**Supplied records:**
****************

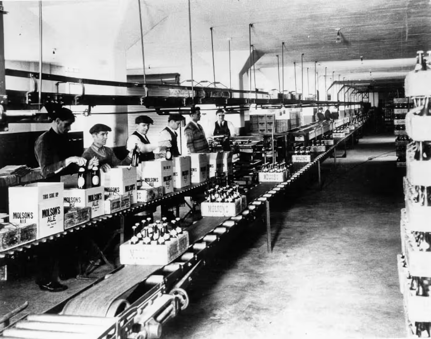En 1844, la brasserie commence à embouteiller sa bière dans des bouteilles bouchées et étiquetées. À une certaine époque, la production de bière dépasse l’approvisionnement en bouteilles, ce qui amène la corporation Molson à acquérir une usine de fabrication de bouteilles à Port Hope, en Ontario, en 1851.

****************

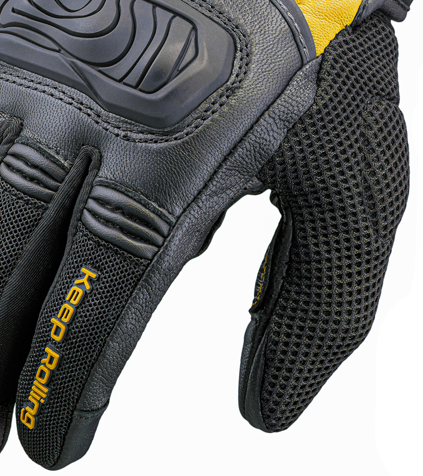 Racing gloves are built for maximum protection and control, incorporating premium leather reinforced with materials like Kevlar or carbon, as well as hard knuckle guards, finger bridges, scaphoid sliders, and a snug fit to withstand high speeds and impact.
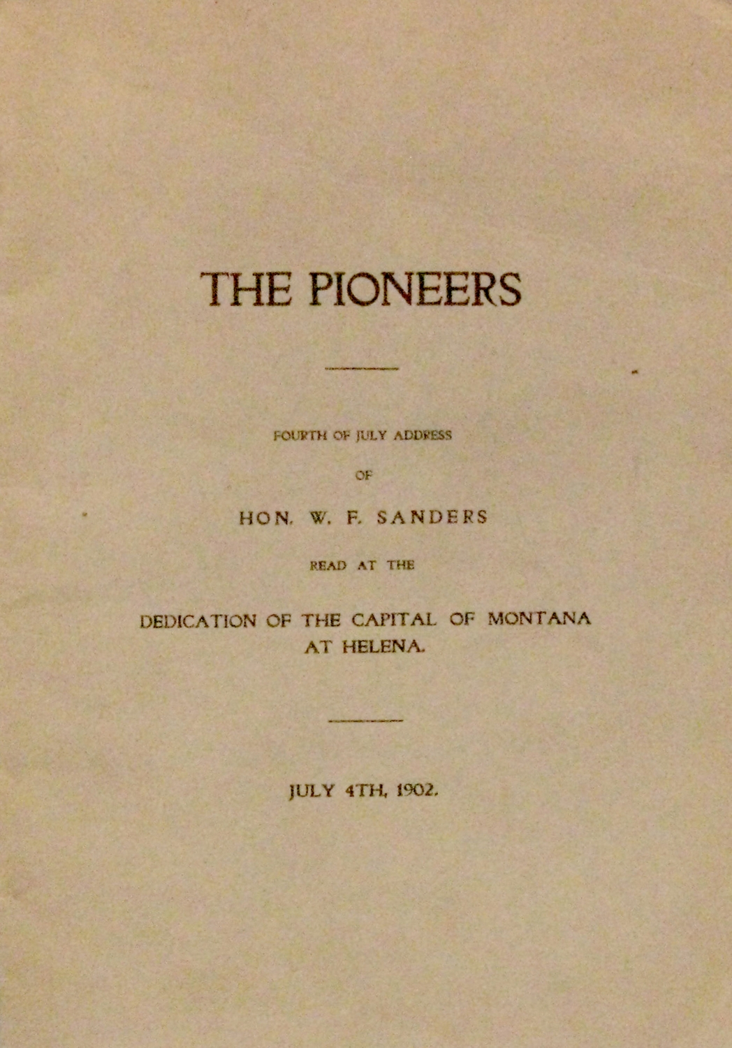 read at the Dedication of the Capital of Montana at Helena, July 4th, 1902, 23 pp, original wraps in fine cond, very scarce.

****************

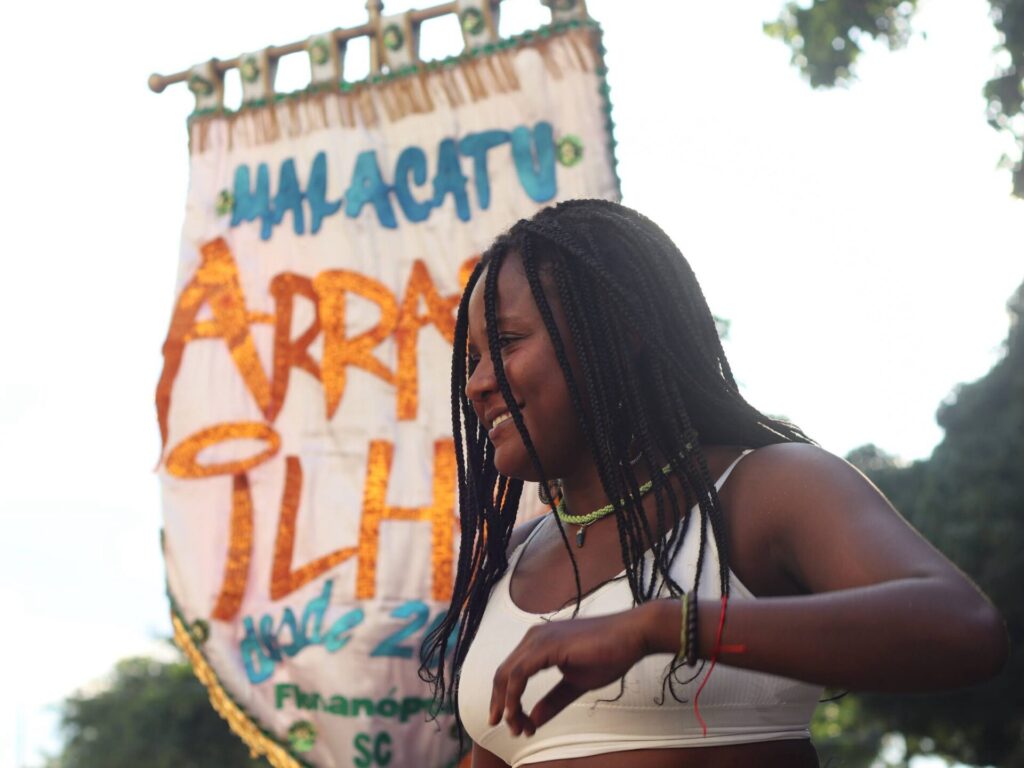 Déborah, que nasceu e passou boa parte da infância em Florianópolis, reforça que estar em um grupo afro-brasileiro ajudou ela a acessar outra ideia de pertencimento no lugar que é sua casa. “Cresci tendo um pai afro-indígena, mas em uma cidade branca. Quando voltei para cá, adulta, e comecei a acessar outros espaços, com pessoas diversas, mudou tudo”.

****************

**Work request:**
From the listing above, please give again the lines that begin with the line holding "Racing gloves are" and go on through the line holding "read at the", exactly, both ends included, minus any picture.

**Output below:**
 Racing gloves are built for maximum protection and control, incorporating premium leather reinforced with materials like Kevlar or carbon, as well as hard knuckle guards, finger bridges, scaphoid sliders, and a snug fit to withstand high speeds and impact.
 read at the Dedication of the Capital of Montana at Helena, July 4th, 1902, 23 pp, original wraps in fine cond, very scarce.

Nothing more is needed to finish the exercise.